§ **PROVIDED MATERIAL**
****************
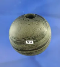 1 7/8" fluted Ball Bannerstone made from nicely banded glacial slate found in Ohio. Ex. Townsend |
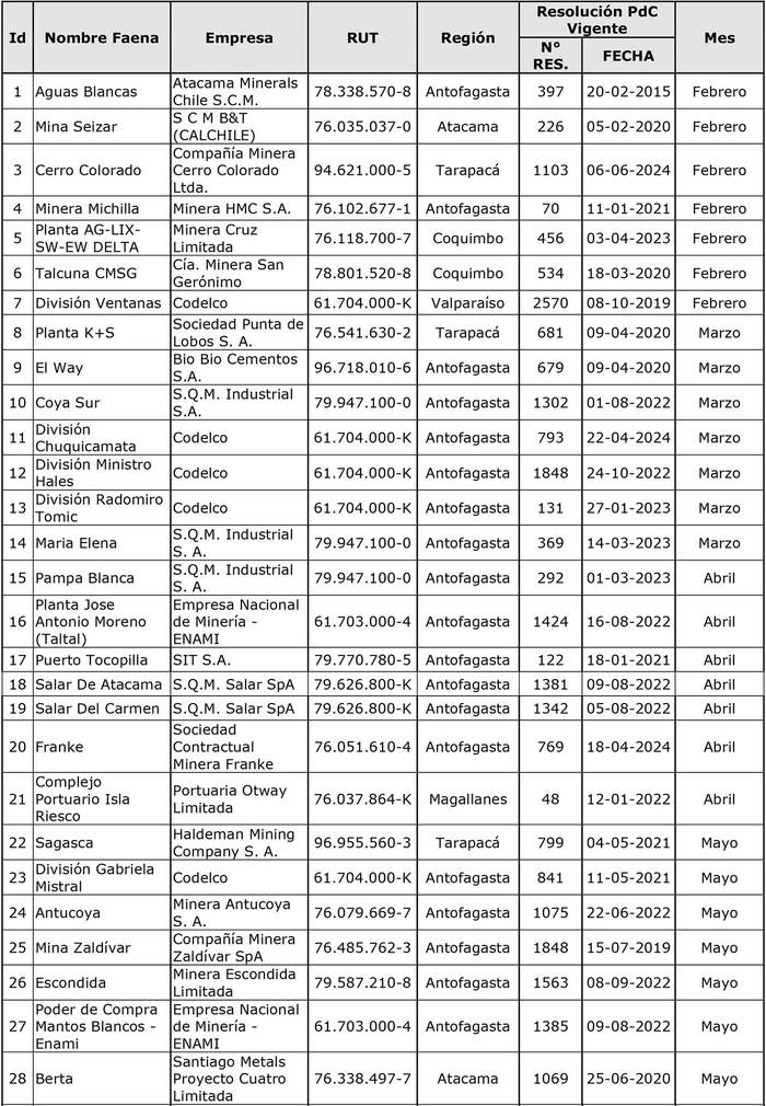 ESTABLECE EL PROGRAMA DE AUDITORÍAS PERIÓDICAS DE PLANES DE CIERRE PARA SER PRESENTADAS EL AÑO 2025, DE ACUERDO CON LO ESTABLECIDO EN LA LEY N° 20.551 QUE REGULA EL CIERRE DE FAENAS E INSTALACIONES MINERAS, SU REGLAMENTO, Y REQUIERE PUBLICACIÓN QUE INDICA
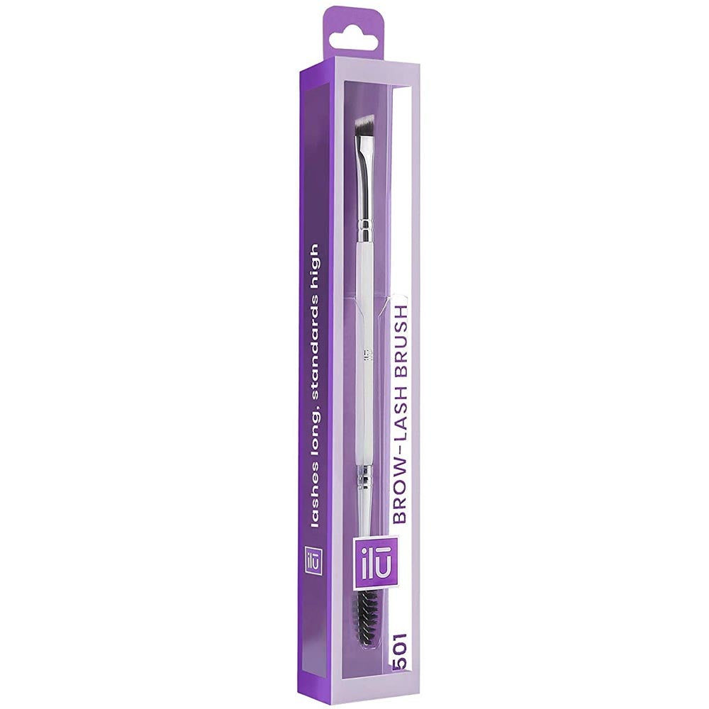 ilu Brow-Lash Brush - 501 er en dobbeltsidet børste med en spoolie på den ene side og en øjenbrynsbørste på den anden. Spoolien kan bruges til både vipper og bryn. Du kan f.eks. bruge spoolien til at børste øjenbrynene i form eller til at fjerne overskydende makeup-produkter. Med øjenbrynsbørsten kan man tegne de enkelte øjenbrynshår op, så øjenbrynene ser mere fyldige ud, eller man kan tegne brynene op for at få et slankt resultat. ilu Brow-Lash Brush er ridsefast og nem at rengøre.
****************
§ **REQUIRED WORK**
All lines from the one that contains "ESTABLECE EL PROGRAMA" through the last line of the data should be retyped exactly, with the pictures left out.

§ **SOLVED PROBLEM**
 ESTABLECE EL PROGRAMA DE AUDITORÍAS PERIÓDICAS DE PLANES DE CIERRE PARA SER PRESENTADAS EL AÑO 2025, DE ACUERDO CON LO ESTABLECIDO EN LA LEY N° 20.551 QUE REGULA EL CIERRE DE FAENAS E INSTALACIONES MINERAS, SU REGLAMENTO, Y REQUIERE PUBLICACIÓN QUE INDICA
 ilu Brow-Lash Brush - 501 er en dobbeltsidet børste med en spoolie på den ene side og en øjenbrynsbørste på den anden. Spoolien kan bruges til både vipper og bryn. Du kan f.eks. bruge spoolien til at børste øjenbrynene i form eller til at fjerne overskydende makeup-produkter. Med øjenbrynsbørsten kan man tegne de enkelte øjenbrynshår op, så øjenbrynene ser mere fyldige ud, eller man kan tegne brynene op for at få et slankt resultat. ilu Brow-Lash Brush er ridsefast og nem at rengøre.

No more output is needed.